The New Strategy for Afghanistan

The Obama Administration has outlined a new strategy for Afghanistan:

The Obama administration today today outlined a new campaign strategy for the war in Afghanistan, scaling back the ambitions of George Bush in a shift which senior officials and diplomats described as a “new realism”

Richard Holbrooke, Barack Obama’s new envoy for Afghanistan, General James Jones, the new White House national security adviser, and General David Petraeus, the new commander of the Afghan campaign, all stressed that the US president’s policy on the Taliban and al-Qaida would be governed by “attainable goals” matched by “adequate resources”.

In the first major foreign policy speech from the new administration, the vice-president, Joe Biden, told a security conference in Munich that the strategic review on Afghanistan under way in Washington would “make sure that our goals are clear and achievable”.

Notable by its absence in any of the speeches from the American team was any mention of building democracy in Afghanistan. Instead, the emphasis was on creating sustainable security to try to prevent the Taliban from extending their grip on the country.

“Obama’s objectives will be much more moderate,” said a senior European policy-maker involved in discussions with the Obama team. A senior Nato official said Washington’s emphasis on Afghanistan was shifting to “being much more realistic”, adding: “It doesn’t need to be a democracy, just secure.”

“The new policy will be not just winning hearts and minds, but winning hearts, minds, and stomachs,” said another senior diplomat working in Kabul. “It’s realistic. Realism is good.”

I hope they flesh out the concept of “sustainable security” for Afghanistan since it’s unclear to me what that means.
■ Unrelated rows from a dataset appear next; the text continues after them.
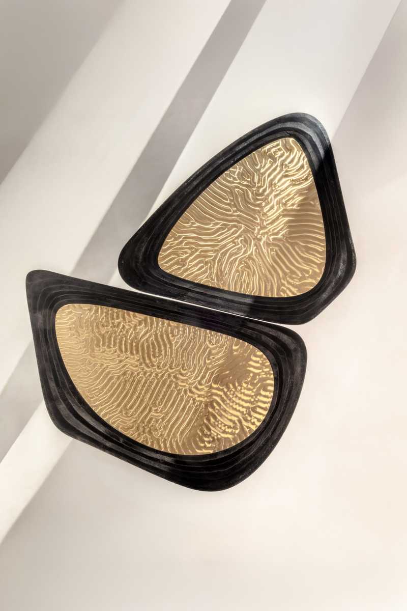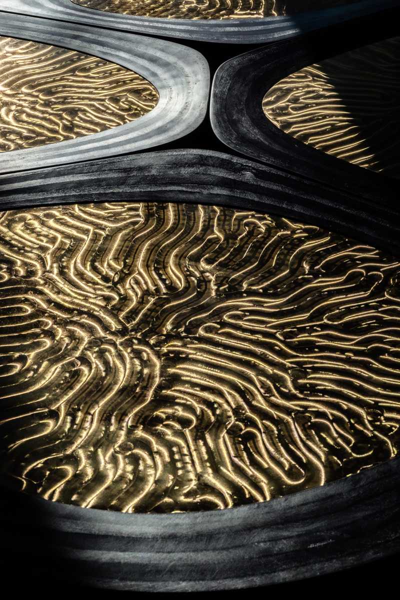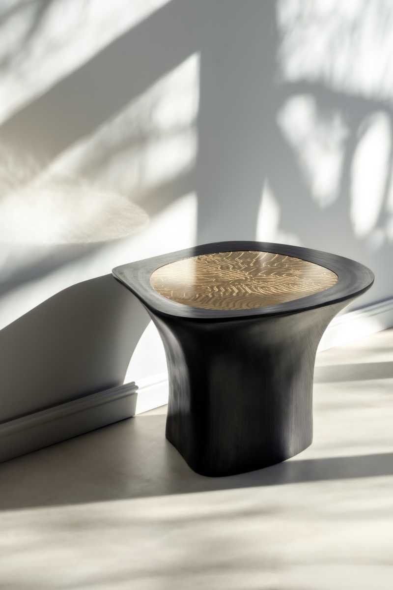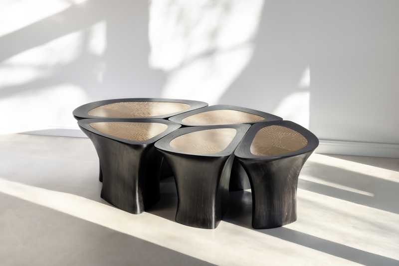 The modular coffee table continues the research initiated with the Linkana Cellule consoles, exploring organically derived forms combined with structural lightness. Composed of independent yet interconnected modules, it can function as a unified surface or be arranged freely in space. Each element follows a ‘cellular’ logic, with hand-shaped plywood bases supporting tabletops with clearly defined boundaries. Organic contours evoke natural growth patterns, while central insets of specially milled brass introduce a refined material contrast, highlighting the dialogue between craft, innovation, and precision– central to the artist’s practice.
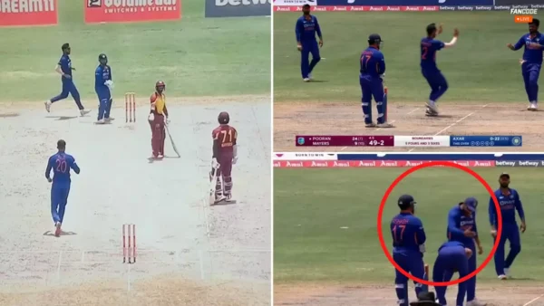 Sanju Samson fired the throw to wicketkeeper Rishabh Pant, and the latter visibly took his own sweet time, after being urged by skipper Rohit Sharma to remove the bails. Rohit clearly appeared furious at Pant’s playful act. Axar removed Mayers in his next over as West Indies stumbled to 64/4 by the end of the seventh over.
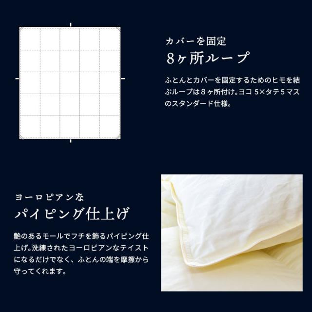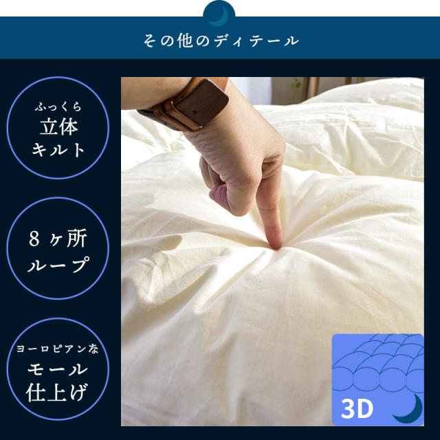 | 詰め物 | ハンガリー産ホワイトマザーグース ダウン95%、フェザー5%(合計充填量1.4kg) |
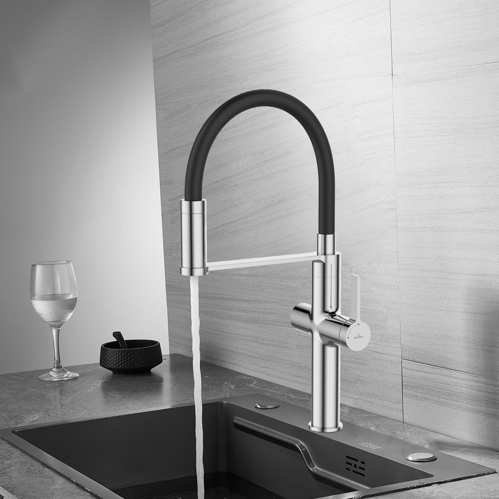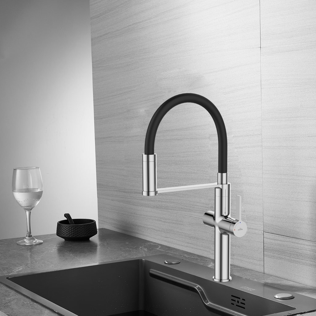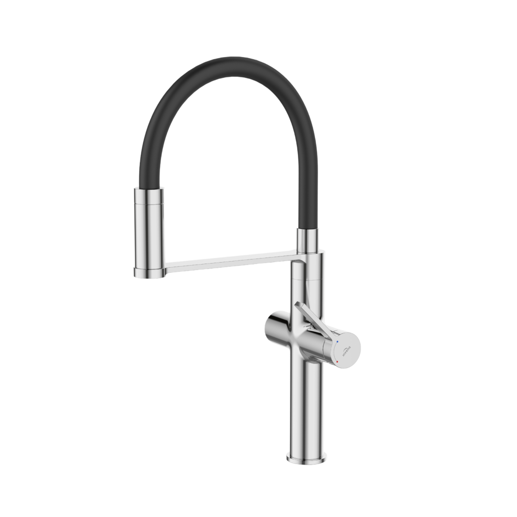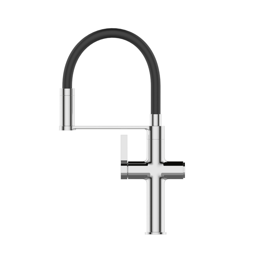 Štýlová a funkčná batéria PERISA v lesklom chróme s decentnými čiernymi prvkami je skvelou voľbou pre moderné kuchyne. Elegantný dizajn je doplnený praktickým systémom filtrácie vody, ktorý zaisťuje prístup k čistej a chutnej vode priamo z kohútika – bez nutnosti kupovať balenú.
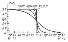 Энергия Ферми служит некоторой границей, разделяющей заполненные и незаполненные состояния системы. Действительно, вероятность заполнения энергетического уровня с энергией Ферми (Е=F) согласно (1.18) составляет: f(F)= ½. Все состояния с энергией меньшей энергии Ферми имеют вероятность заполнения больше ½. Все состояния находящиеся выше уровня Ферми имеют вероятность заполнения меньше ½. На рис.1.6 приведена зависимость f(E), рассчитанная для различных температур.
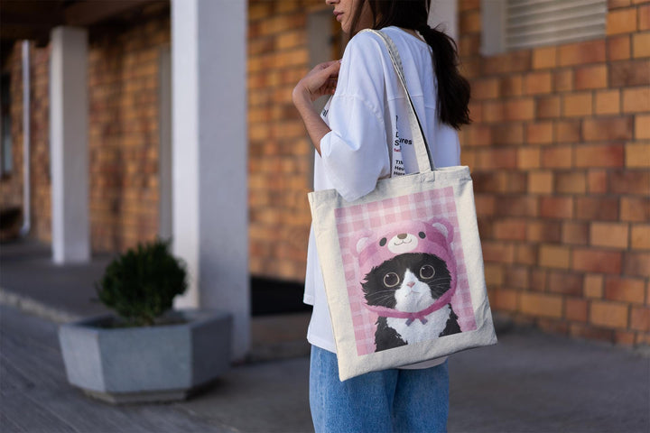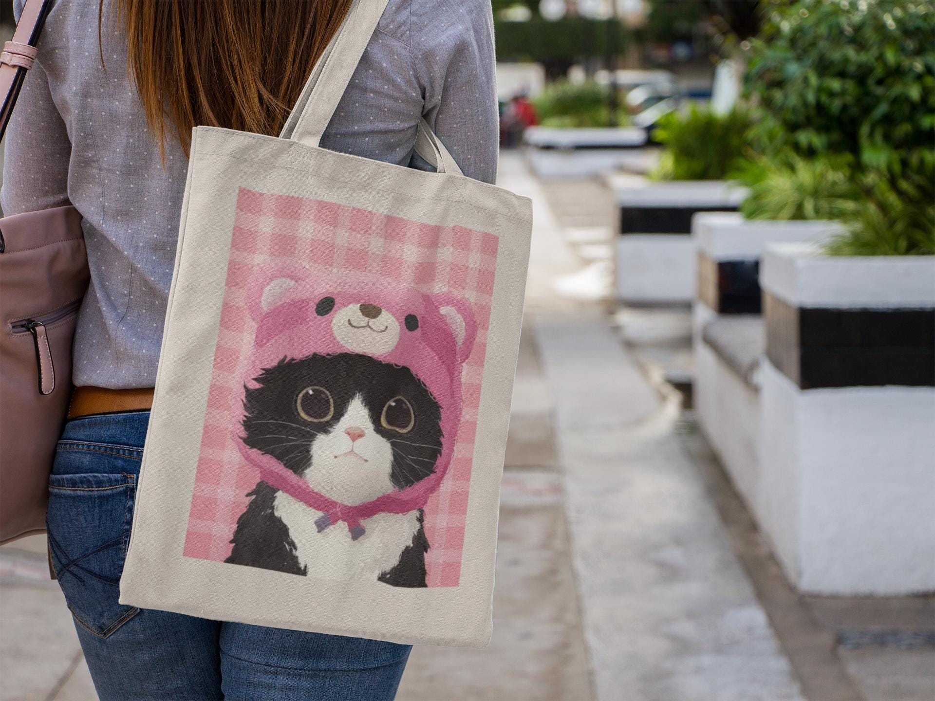 Add a pop of sweetness to your day with the Kitty with Pink Bear Hat Tote Bag, featuring a charming kitty wearing a fuzzy pink bear hat. This tote blends cozy cuteness with aesthetic flair—perfect for errands, school, or gifting to someone who loves all things adorable.
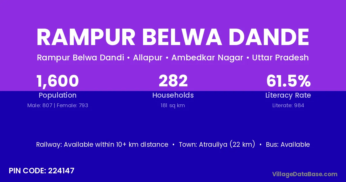 Atrauliya (22 km) is the nearest town to Rampur Belwa Dande village for major economic activities and is located approximately 22 km away.
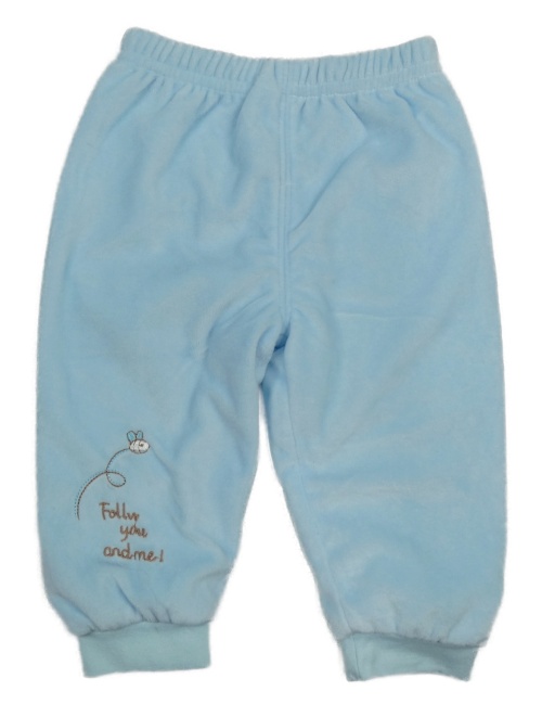 Světlemodré sametové zateplené kalhoty se včelkou
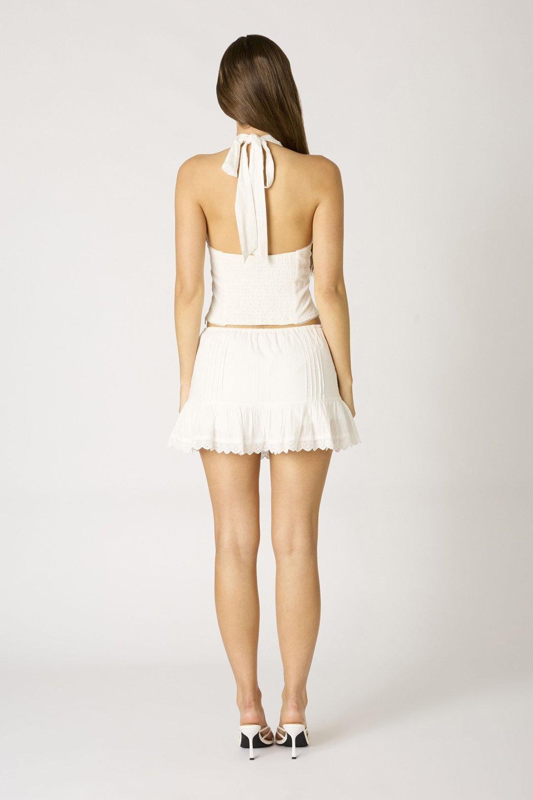 This flirty little halter top features a plunging v-neckline, delicate button-up front, and subtle pintuck detailing. Pair with the 99 Mini Skirt for a fun summery look.
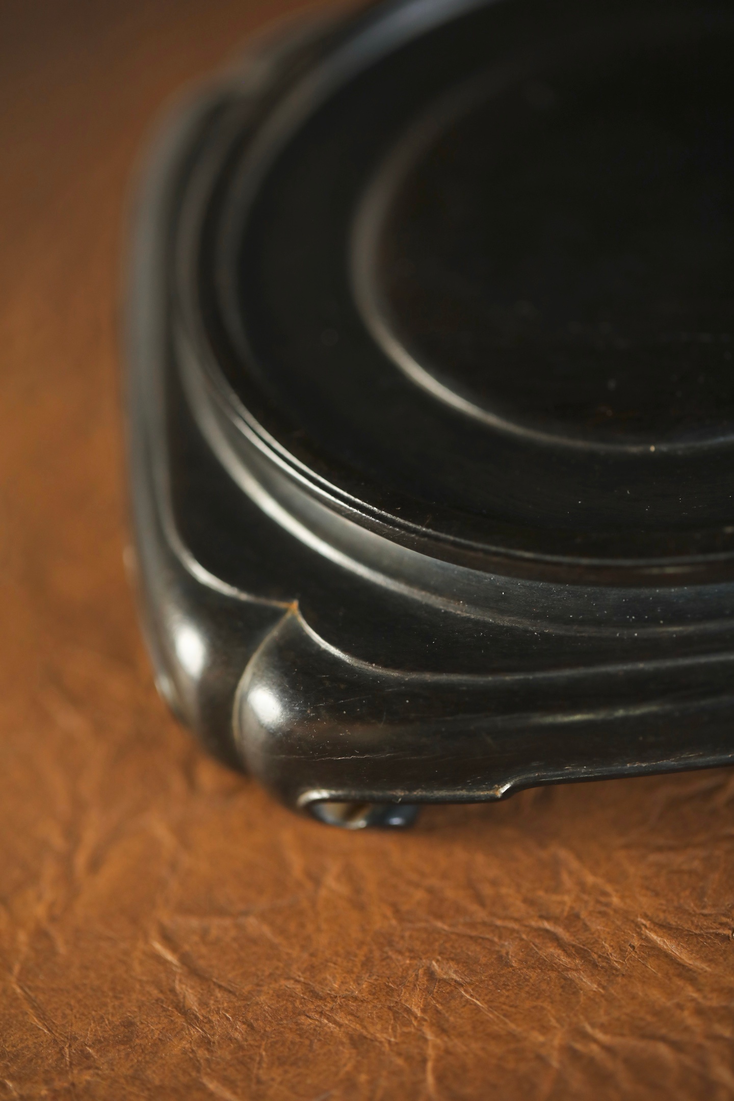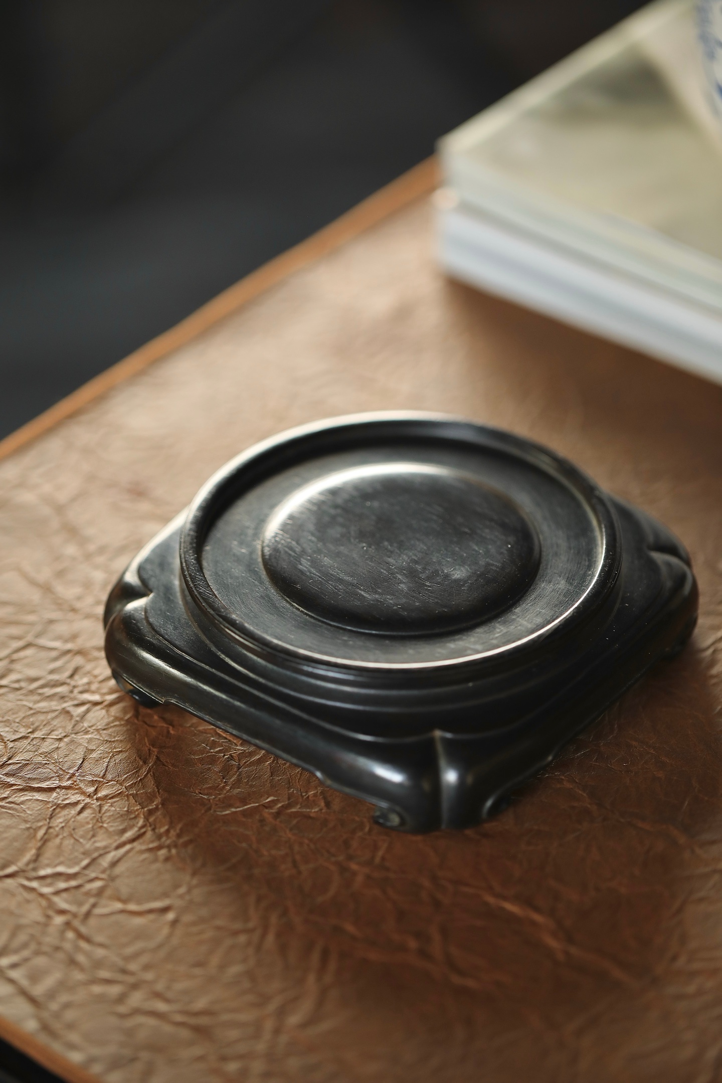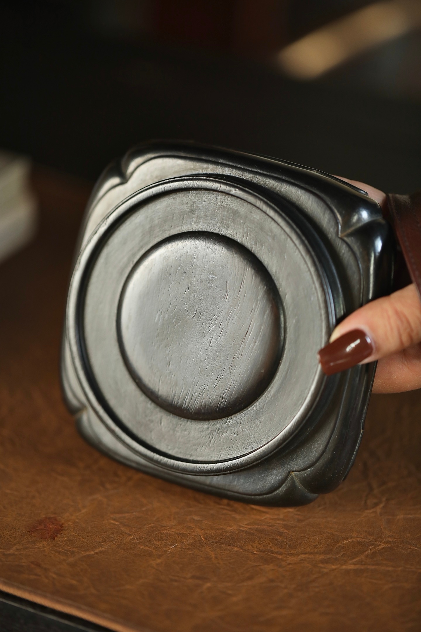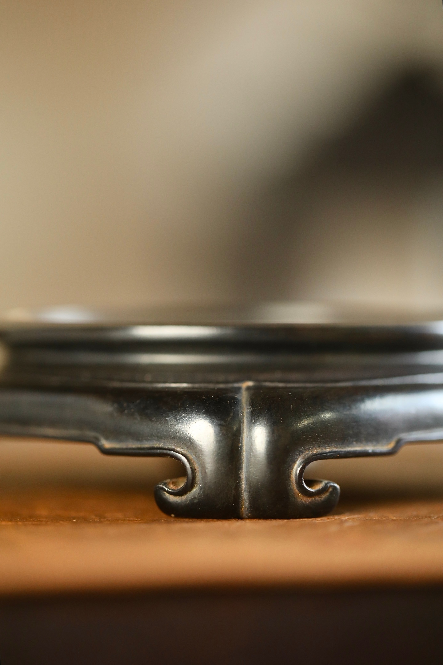 紫檀 | 底座取老料整雕,四方器形做海棠口弧边,层层旋纹收束出圆承面,木质坚密沉润,纹理隐于墨色中。承托瓷壶、雅石皆相宜,一器立稳,便让案头清供更具章法。12.8×12.9×3.5cm
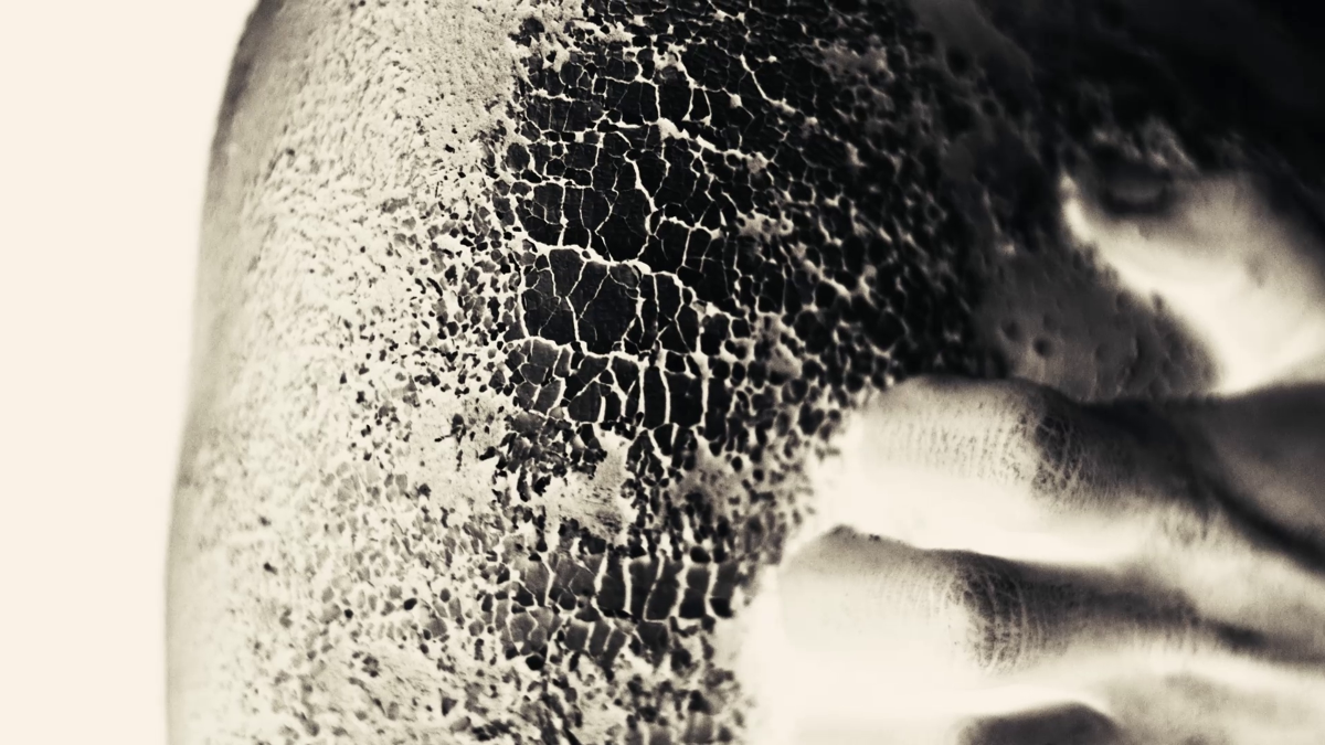 Die Videoinstallation erkundet in atmosphärischen Schwarzweißbildern die Haut des eigenen Körpers, der wir nicht entfliehen können.

Afghanistan is a country approximately the size of Texas and a population 25% larger than that of Iraq that includes some of the most rugged terrain in the world. It’s overwhelmingly rural, undeveloped. Parts of some of its provinces can’t be reached by road from their own provincial capitals.

As I see it there are two fundamentally different approaches to achieving sustainable security for Afghanistan if by that we mean a country that’s willing and able to protect its own borders and prevent Al Qaeda or terrorist groups like Al Qaeda from setting up shop there. Either we can maintain a force in Afghanistan large enough to do that or we can foster the institutions in Afghanistan that would enable the Afghans to do that themselves.

Fostering tribal institutions won’t cut it. One or more tribal leaders who are sympathetic to Al Qaeda or a successor to Al Qaeda would be enough. Sustainable security in Afghanistan requires a strong central government, something that’s never existed in the country. Unless we consider a more or less permanent occupation of Afghanistan sustainable, of course.

None of the alternatives in Afghanistan are particularly palatable. We’re either in the occupation business or the nation-building business or both for the foreseeable future. Or we take the risk that things will return to the pre-2002 conditions there.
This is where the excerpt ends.